We need some legitimate way to drive up questions. We could spam lots of questions we already know the answers too, but that's not going to help the site in the long run.

We need to find a way to get gamers to come here when a new edition or game comes out.

Any thoughts?

  • Personally I care about increasing the activity on the site; coming of out beta would just be a nice side benefit. :) Jun 13, 2012 at 23:56
  • 9
    Spamming a lot of questions we know answers to won't help in the long run, as you say, but adding questions we can answer for games that are under-represented might increase the chances that someone who has a question about those games asks it here. If I had a question about some game and couldn't find any reference to it on the site, I'd be reluctant to ask, thinking it might be a waste of time...
    – Johno
    Jun 14, 2012 at 10:50

9 Answers 9


Get a greater variety of users, playing a greater variety of games?

We have a steady trickle of MTG questions because that's a complex game (with constant new content) that generates consistent rules questions -- it helps that the rules are robust enough that we can actually answer those questions, too. It's not the only game like that. But we don't have many questions about minis wargames (for which there are many rulesets, with unique rules and strategy concerns -- not to mention that questions about prepping game materials are totally on-topic!) and other card games (L5R, Pokemon, Yugioh, the various "LCGs," the recent Netrunner reboot, &c.). But we don't seem to have many users actively posting on those topics. My best guess is that it's because, as a community, we're not actively playing those games? But someone is, somewhere.

How do you grow that user base? I don't know. It's not something that we can fake, really. I think there's a bit of a chicken-and-egg problem, where it's hard to encourage any dedicated fans of (e.g.) L5R to post here unless there's already strong L5R content to make it worth their while.

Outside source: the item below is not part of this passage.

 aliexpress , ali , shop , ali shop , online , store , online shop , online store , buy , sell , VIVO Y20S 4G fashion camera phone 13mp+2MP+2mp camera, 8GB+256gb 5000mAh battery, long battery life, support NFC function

(In many ways, RPGs SE had it easier, because it looks like they were able to hit their content quota just with D&D3/4 questions, and the rest is icing -- that kinda shows when you look at their front page, though.)

  • 1
    To encourage greater variety of games, I think we could be more proactive about encouraging questions on new games. Pat and a few other people are very encouraging to new users but I've noticed that when I post a first question on a totally new game, it tends to have few views, few votes, few comments, etc. (Cosmic Encounter and Vinci). Perhaps if we put more effort into viewing these questions (to get view count up), voting on (the quality of) these questions, that could help even if it's a game you haven't played.
    – Joe Golton
    Jun 14, 2012 at 14:27
  • @JoeGolton Good observation. I posted a kinda obscure question on RPG.SE and got no answers. But the upvotes at least made me inclined to check back more often.
    – Alex P
    Jun 14, 2012 at 14:46
  • 2
    @JoeGolton. We should use bounties to keep those kind of questions alive and entice people to go find answers.
    – CaulynDarr
    Jun 14, 2012 at 15:07

I can't seem to find a blog for this site. I think it'd be a great way to drive traffic for new game releases and such. Something we try to do at the IT Security SE to help keep the blog alive, is a "Question of the Week" post - do a write-up of an interesting question and its answers (not necessarily one from the past week) every week.

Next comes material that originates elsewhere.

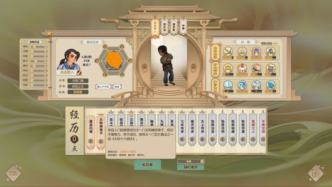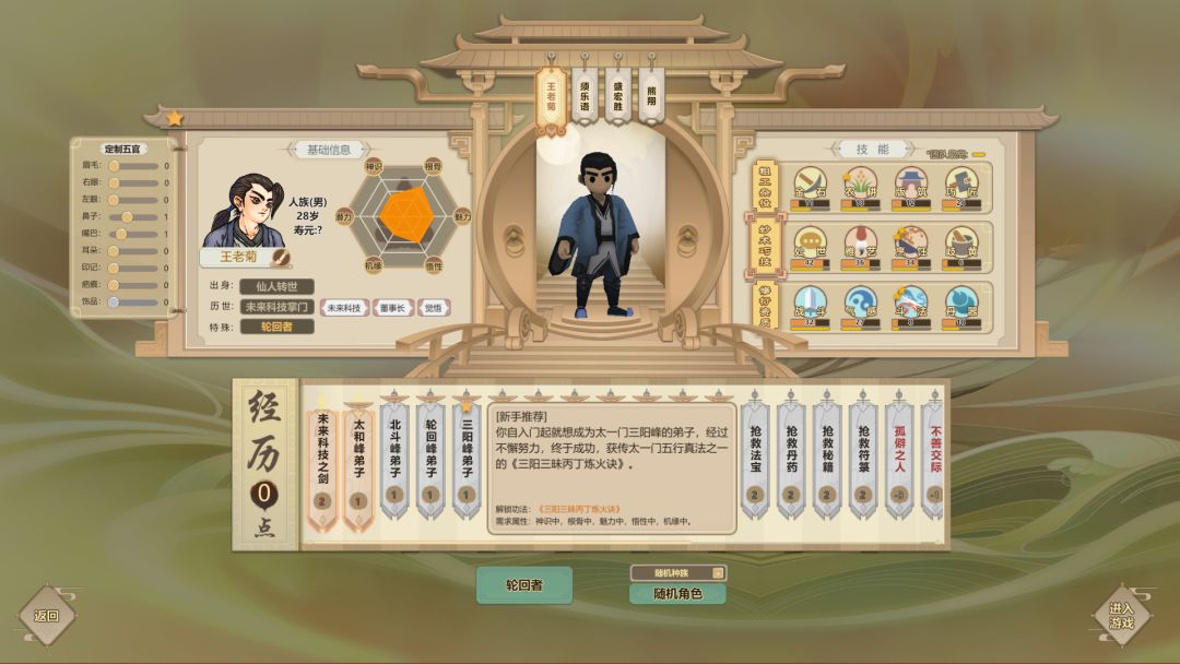 逍遥散人: 耐寒冷、耐高温,技能熟练,擅长挖掘、建筑、锻造、制造、感知、炼药,容易触发工作乐趣。

The fundamental "problem" with board games (at least so far as this Q&A site is concerned) is that unlike video games or RPGs, the majority of board (and card) games are designed with the principle of simplicity in mind. This makes them awesome for picking up and playing, but it also means that most rules questions either are answered by reading the manual for a few minutes — we don't want to boost our counts with "general reference" questions — or, if the situation is not covered in the manual, are not objectively answerable.

Often the only real difference between a regular player who has read the rulebook and a "rules expert" is just that the expert also knows where to find the official FAQ and/or errata, or a more up-to-date version of the rulebook itself. Short of getting one of the actual game designers/developers on here to answer questions, we have a rather limited supply of canonical documentation to work with.

Such questions obviously have their place on this site, and will continue to do so for as long as the site exists, but in and of themselves they are not enough for this site to reach the critical questions-asked mass to become successful.

Which begs the questions: What makes a board-and-card-games expert better than normal people, and what would said normal people want to ask said board-and-card-games expert that they can't just ask someone else?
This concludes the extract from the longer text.